The probability that a continuous random variable $X$ equals any particular value is 0. That is, if $X$ is continuous then $P (X = x) = 0$ for all $x$ .
For a continuous random variable $X$ , $P (X \leq x) = P (X < x)$ , etc.
- Careful: this is NOT true for discrete random variables; for a discrete random variable $P (X \leq x) = P (X < x) + P (X = x)$ .
For continuous random variables, it doesn’t really make sense to talk about the probability that the random value is equal to a particular value. However, we can consider the probability that a random variable is close to a particular value.
The density $f_{X} (x)$ at value $x$ is not a probability.
Rather, the density $f_{X} (x)$ at value $x$ is related to the probability that the RV $X$ takes a value “close to $x$ ” in the following sense $P (x - \frac{ϵ}{2} \leq X \leq x + \frac{ϵ}{2}) \approx ϵ f_{X} (x), for small ϵ$
The quantity $ϵ$ is a small number that represents the desired degree of precision. For example, rounding to two decimal places corresponds to $ϵ = 0.01$ .
What’s important about a pdf is relative heights.
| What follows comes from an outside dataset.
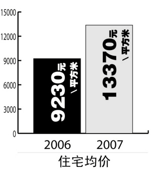 據(jù)統(tǒng)計(jì),2007年,全市90平方米以下的一手住宅銷售面積為162萬平方米,共25584套,均價11438元/m2,其面積占銷售總面積的32.33%,占總套數(shù)的50.56%;144平方米以上的“豪宅”銷售了117萬平方米,共5929套,均價21001元/m2,所占銷售面積比例為23.55%,占總套數(shù)的11.72%。

For example, if $f_{X} (x_{2}) / f_{X} (x_{1}) = 2$ then $X$ is roughly “twice as likely to be near $x_{2}$ than to be near $x_{1}$ ” in the above sense. $\frac{f_{X} (x_{2})}{f_{X} (x_{1})} = \frac{ϵ f_{X} (x_{2})}{ϵ f_{X} (x_{1})} \approx \frac{P (x_{2} - \frac{ϵ}{2} \leq X \leq x_{2} + \frac{ϵ}{2})}{P (x_{1} - \frac{ϵ}{2} \leq X \leq x_{1} + \frac{ϵ}{2})}$

15.2 Exponential distributions

Example 15.3 Suppose that we model the waiting time, measured continuously in hours, from now until the next earthquake (of any magnitude) occurs in southern CA as a continuous random variable $X$ with pdf $f_{X} (x) = 2 e^{- 2 x}, x \geq 0.$ This is the pdf of the “Exponential(2)” distribution.
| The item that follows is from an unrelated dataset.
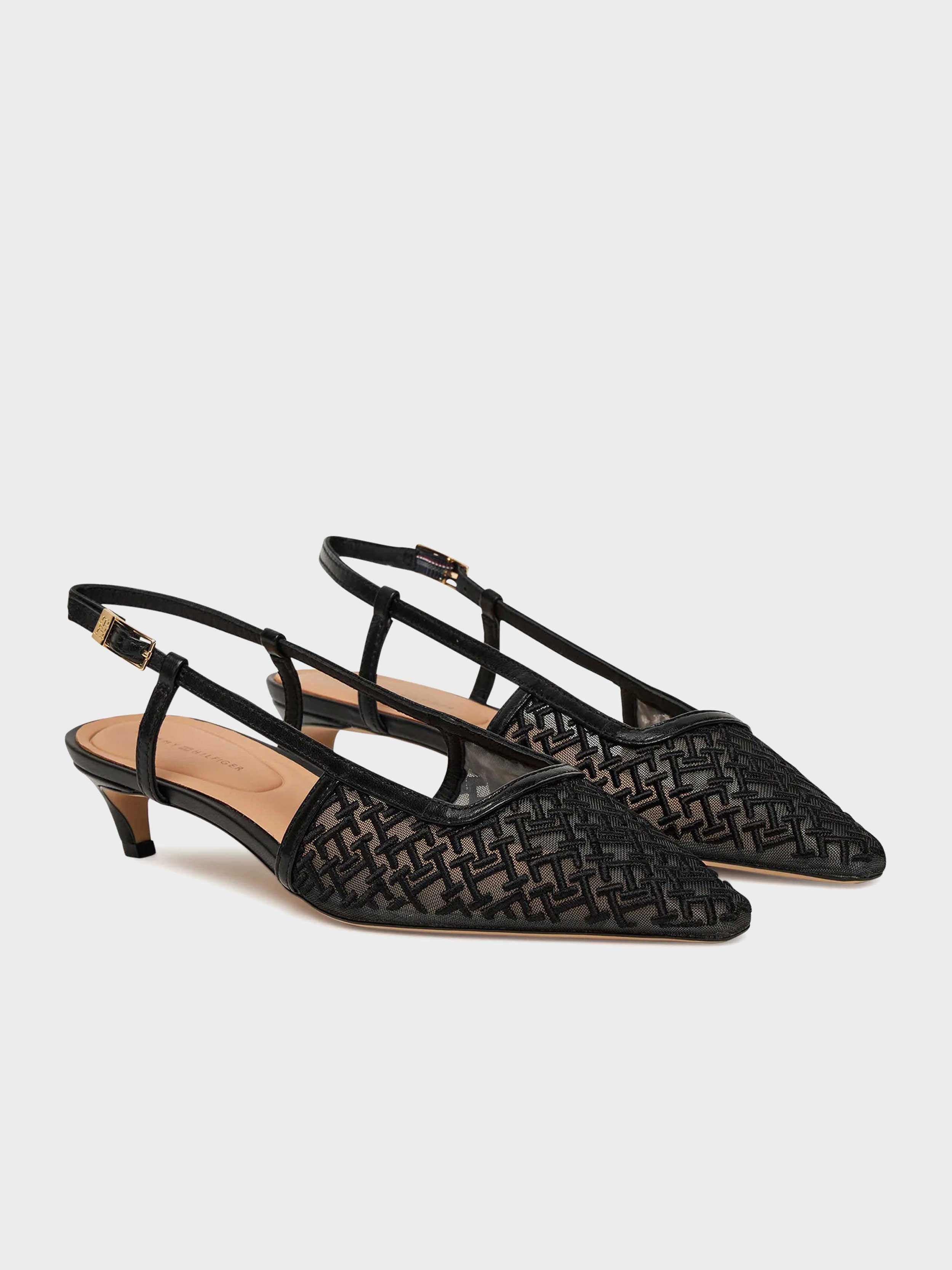 • Tommy Hilfiger - Women's Monogram Slingback Mesh Kitten Heels

Sketch the pdf of $X$ . What does this tell you about waiting times?
Compute $P (X = 0.5)$ .
Without doing any integration, approximate the probability that $X$ rounded to the nearest minute is 0.5 hours.
Without doing any integration determine how much more likely is it for $X$ rounded to the nearest minute to be 0.5 than 1.5.
Compute and interpret $P (X > 0.25)$ .
Compute and interpret $P (X \leq 3)$ .
Compute and interpret the 25th percentile of $X$ .
Compute and interpret the 50th percentile of $X$ .
Compute and interpret the 75th percentile of $X$ .
Start to construct a spinner corresponding to this Exponential(2) distribution.
Use simulation to approximate the long run average value of $X$ . Interpret this value. At what rate do earthquakes tend to occur?
Use simulation to approximate the standard deviation of $X$ . What do you notice?

Exponential distributions are often used to model the waiting times between events in a random process that occurs continuously over time.
A continuous random variable $X$ has an Exponential distribution with rate parameter $λ > 0$ if its pdf is $f_{X} (x) = {\begin{cases} λ e^{- λ x}, & x \geq 0, \\ 0, & otherwise \end{cases}$
If $X$ has an Exponential( $λ$ ) distribution then $\begin{aligned} P (X > x) & = e^{- λ x}, x \geq 0 \\ Long run average of X & = \frac{1}{λ} \\ Standard deviation of X & = \frac{1}{λ} \end{aligned}$
Exponential distributions are often used to model the waiting time in a random process until some event occurs.
- $λ$ is the average rate at which events occur over time (e.g., 2 per hour)
- $1 / λ$ is the mean time between events (e.g., 1/2 hour)
The “standard” Exponential distribution is the Exponential(1) distribution, with rate parameter 1 and mean 1.
If $X$ has an Exponential(1) distribution and $λ > 0$ is a constant then $X / λ$ has an Exponential( $λ$ ) distribution.

15.3 Uniform distributions

A continuous random variable $X$ has a Uniform distribution with parameters $a$ and $b$ , with $a < b$ , if its probability density function $f_{X}$ satisfies $\begin{aligned} f_{X} (x) & \propto constant, & a < x < b \\ = \frac{1}{b - a}, & a < x < b . \end{aligned}$
If $X$ has a Uniform( $a$ , $b$ ) distribution then $\begin{aligned} Long run average value of X & = \frac{a + b}{2} \\ Variance of X & = \frac{| b - a |^{2}}{12} \\ SD of X & = \frac{| b - a |}{\sqrt{12}} \end{aligned}$
The “standard” Uniform distribution is the Uniform(0, 1) distribution.
If $U$ has a Uniform(0, 1) distribution then $X = a + (b - a) U$ has a Uniform( $a$ , $b$ ) distribution.